Silvio, hacia el final, nos zarandeó el ánima con dos versiones hipnóticas de Óleo de una mujer con sombrero y Quién fuera. Javi Marticorena me enseñó a tocar Quién fuera en Bujumbura y una niña rubia me mostró los acordes de Óleo de una mujer con sombrero en París, hace quince años. Somos las canciones que algún día cantamos y escuchamos, y las personas con quienes las compartimos: por eso es esencial elegir bien los sonidos de la caravana, porque el silencio acecha. Más luego los músicos se retiraron y el compositor quedó a solas con su guitarra. Primero cantó Te doy una canción y después Unicornio, y los rostros, las calles, el vino, las conversaciones y los besos concurrieron desescombrando la memoria; pero lo que es más importante, el amor y el sueño, a través de la voz de Silvio, nos volvieron a convocar desde el mañana. El poema no levanta tumbas, alumbra paritorios. Emergimos del concierto prefiriendo y profiriendo amanecer.
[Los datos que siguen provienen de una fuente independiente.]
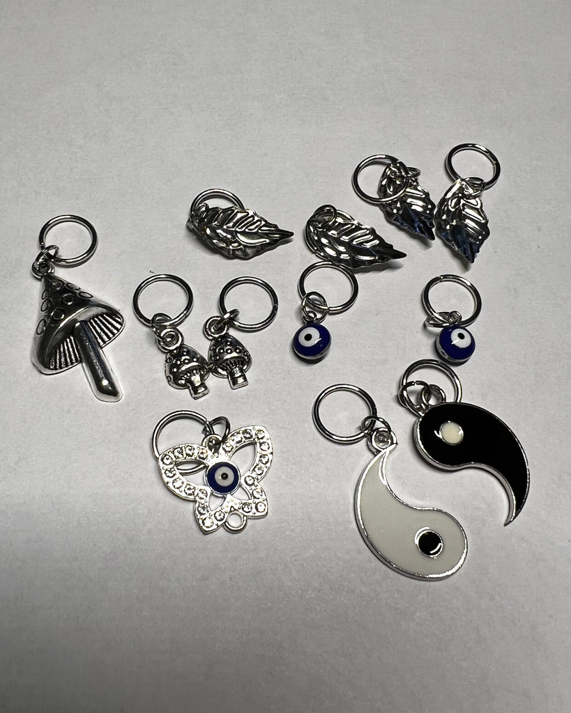 These charms are attached to jump rings for easy integration into your designs. Made more specifically with hairstyles and braids in mind, each charm pack offers a variety of themes and colors to suit your unique style. Whether you're designing hair art, bracelets, necklaces, or even keychains, these charms add a personalized flair that sets your creations apart. Explore our diverse selection and find the charm pack that speaks to your imagination.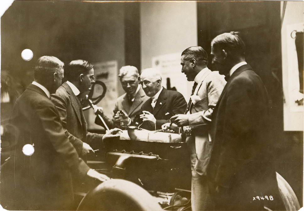 Favorite this☆ Men examining Chalmers automobile at sales convention Description: View of several men looking at a Chalmers car during Chalmers Motor Company sales convention. Handwritten on back: "Convention at Chalmers Motor Co. Chalmers, ca. 1915." Details Resource ID: na043029 Subject: Automobiles--Michigan--Detroit Congresses and conventions--Michigan--Detroit Sales meetings--Michigan--Detroit Chalmers Motor Company Photographic prints Date Issued: 1915-11 Format: 1 photographic print ; 4.5 x 6.5 in. Member of: National Automotive History Collection Lazarnick Collection Filing Location: General photograph files, Chalmers, 1915 Rights: Physical rights are retained by DPL. Copyright is retained in accordance with U.S. copyright laws.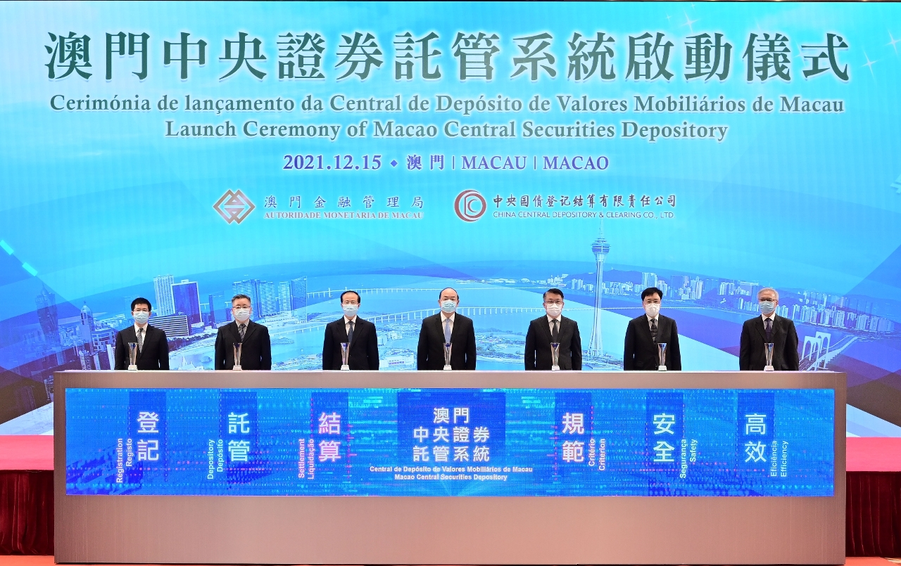A “Central de Depósito de Valores Mobiliários de Macau” (CSD) foi lançada oficialmente hoje (dia 15), tendo a Autoridade Monetária de Macau e a “China Central Depository & Clearing Co., Ltd.” (CCDC) organizado conjuntamente a cerimónia de lançamento que foi presidida pelo Chefe do Executivo, Dr. Ho Iat Seng e outros convidados. No mesmo dia, foram realizados o registo e o depósito de duas obrigações junto da “Central de Depósito e Liquidação de Valores Mobiliários de Macau Sociedade Unipessoal Limitada”.

Era noche cerrada cuando salimos del Carnegie Hall como teselas encendidas por la belleza. No quedaban policías en la puerta, la ciudad arbolada de rascacielos pedaleaba en sus engranajes y millones de habitantes se apresuraban hacia su deshora. Para sorpresa de los agoreros de Miami, ni el concierto había legitimado la abyecta soledad del régimen castrista ni Silvio Rodríguez había envenenado con su mensaje la costa este de la nación: mientras caminaba hacia Times Square creí percibir que la Revolución Comunista en Nueva York no era inminente. Nada había cambiado. Bueno, algunas cosas sí: Estados Unidos aquella noche era un país un milímetro más digno, más capaz de actuar de acuerdo con sus principios; Fidel Castro estaba una jornada más cerca de la muerte, lo cual siempre es una buena noticia; y unos cuantos cientos de seres humanos, la mente aún engastada de hermosas canciones, éramos más ricos de sentimiento y poesía, esto es, más humanos.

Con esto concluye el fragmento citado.